‘We’re sick and tired’: We spoke to picketers taking part in the UCU strike action at Lancs Uni
Education not exploitation
The UCU lecturer strikes began this week. Whilst we've all seen them as we come onto campus on the bus, The Lancaster Tab spoke to picketers taking part in the UCU strike action at Lancaster University to answer the questions that many students have been asking.
“Education not exploitation” reads the signs at the entrance to the university this morning, as they have since the beginning of the week, as strike action continues across 60 UK universities. Yet, the atmosphere and obvious passion of those on the front lines of picketing remains strong despite the freezing temperatures of the early morning.
“We arrive when it’s dark and leave when it’s dark, so you have to remain hopeful that the outcome will be a good one”, states one protesting faculty member on their fifth continuous day of picketing.
Although the strikes are thought to run the full eight-day course, comparing with last year’s 14-day strikes, protesters remain optimistic that the strikes are making a significant impact as negotiations with the UCEA continue, expecting a written statement by early next week.
However, despite the optimism of UCU members, they are still encouraging further strike involvement by both the student body and other faculty members.
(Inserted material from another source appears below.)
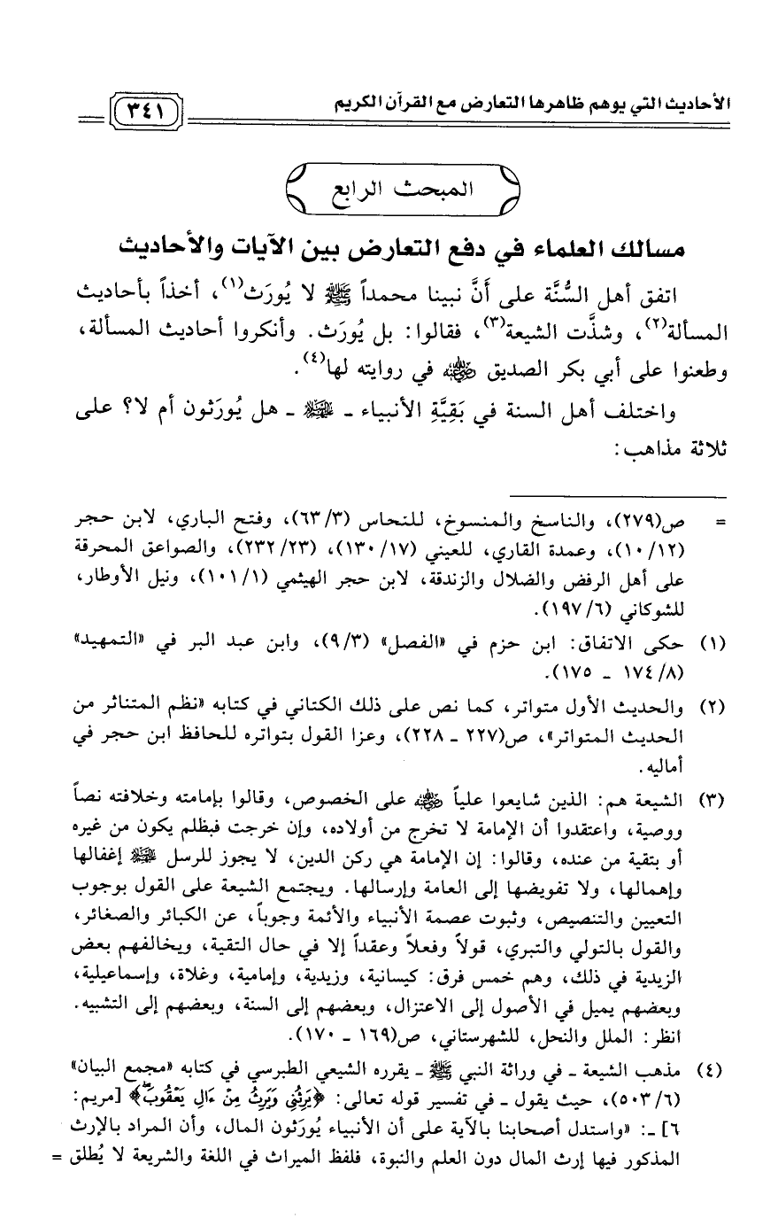 (¬4) مذهب الشيعة - في وراثة النبي - صلى الله عليه وسلم - يقرره الشيعي الطبرسي في كتابه "مجمع البيان" (6/ 503)، حيث يقول - في تفسير قوله تعالى: (يَرِثُنِي وَيَرِثُ مِنْ آلِ يَعْقُوبَ) [مريم: 6]-: "واستدل أصحابنا بالآية على أن الأنبياء يُورَثون المال، وأن المراد بالإرث المذكور فيها إرث المال دون العلم والنبوة، فلفظ الميراث في اللغة والشريعة لا يُطلق =
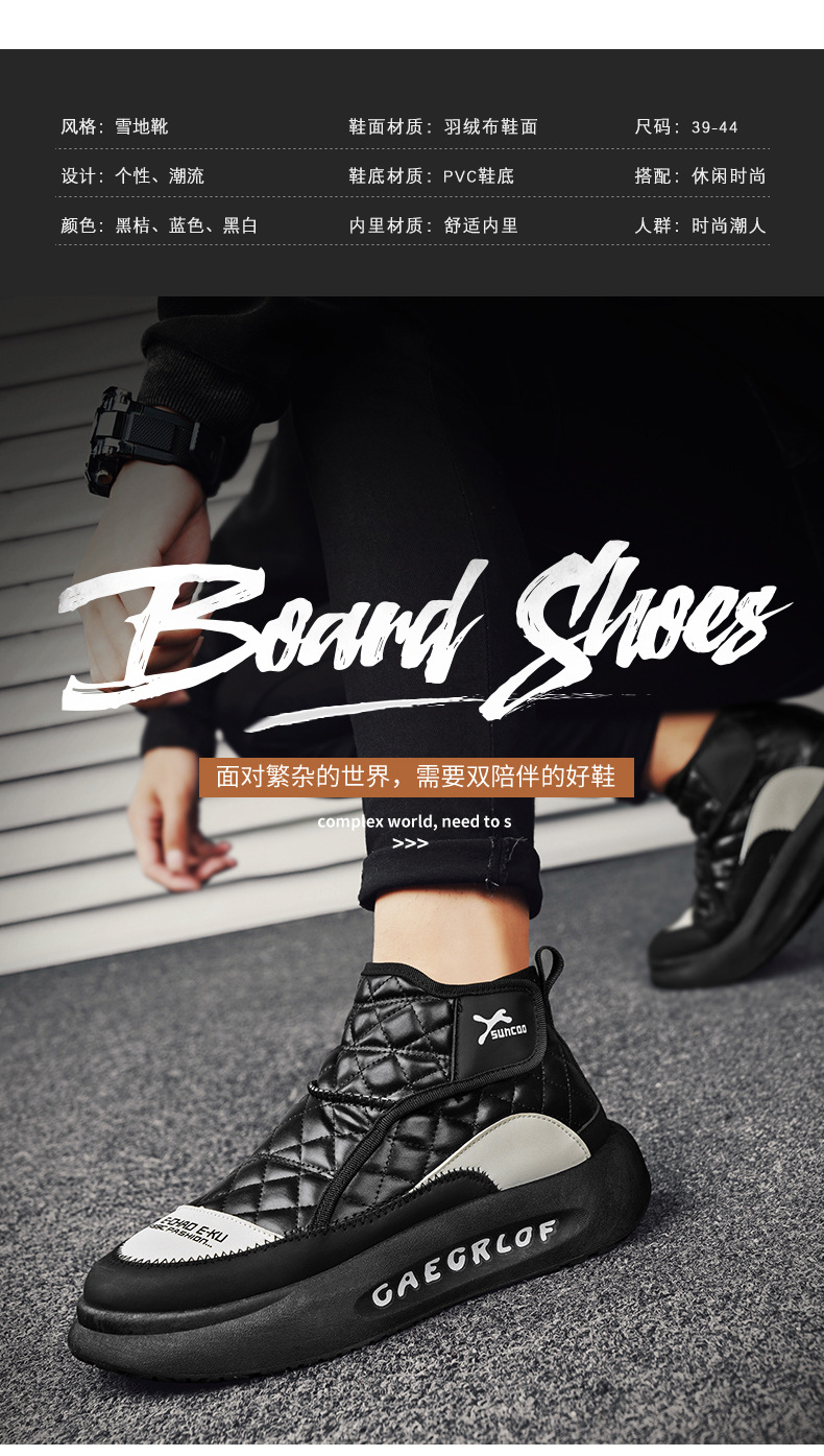 男性靴の新型ベルベットは保温雪地靴の厚い底滑り止めレジャー高助綿靴男性防寒潮靴を厚くした

One staff member on strike was arguing for students to “come to the picket lines and speak to us, boycott lectures, write to the Vice Chancellor.
“We don’t want to hurt students, but it’s the only power we have against these unfair conditions.” Although students cannot technically become actual picketers, they can still attend and support strike actions taking place across the university.
The invitation to speak to picketers regarding their issues has also been reportedly extended to members of the senior management team; the invitation is yet to be accepted by certain members of university management.
“Sick and tired” were the words used by many, as they described the working conditions they face in their day to day lives: telling The Lancaster Tab that people are upset and angry as the university was described as seeing “how much more they could get out of people.”
Many described the lack of progression for lecturers and staff as they described feeling like “casual labourers” in the face of overwhelming amounts of preparation, marking and workloads, reportedly only being paid for 10 minutes of marking time per essay. Similarly, the continuation of zero-hours contracts for staff members leading core programmes is said to lead to a “rationing” of time, preventing staff from fully supporting or engaging with their students.
So, whether you agree with these strikes or not, one thing has been made perfectly clear: these protesters have no intention of backing down and no intention of going anywhere, so get used to it.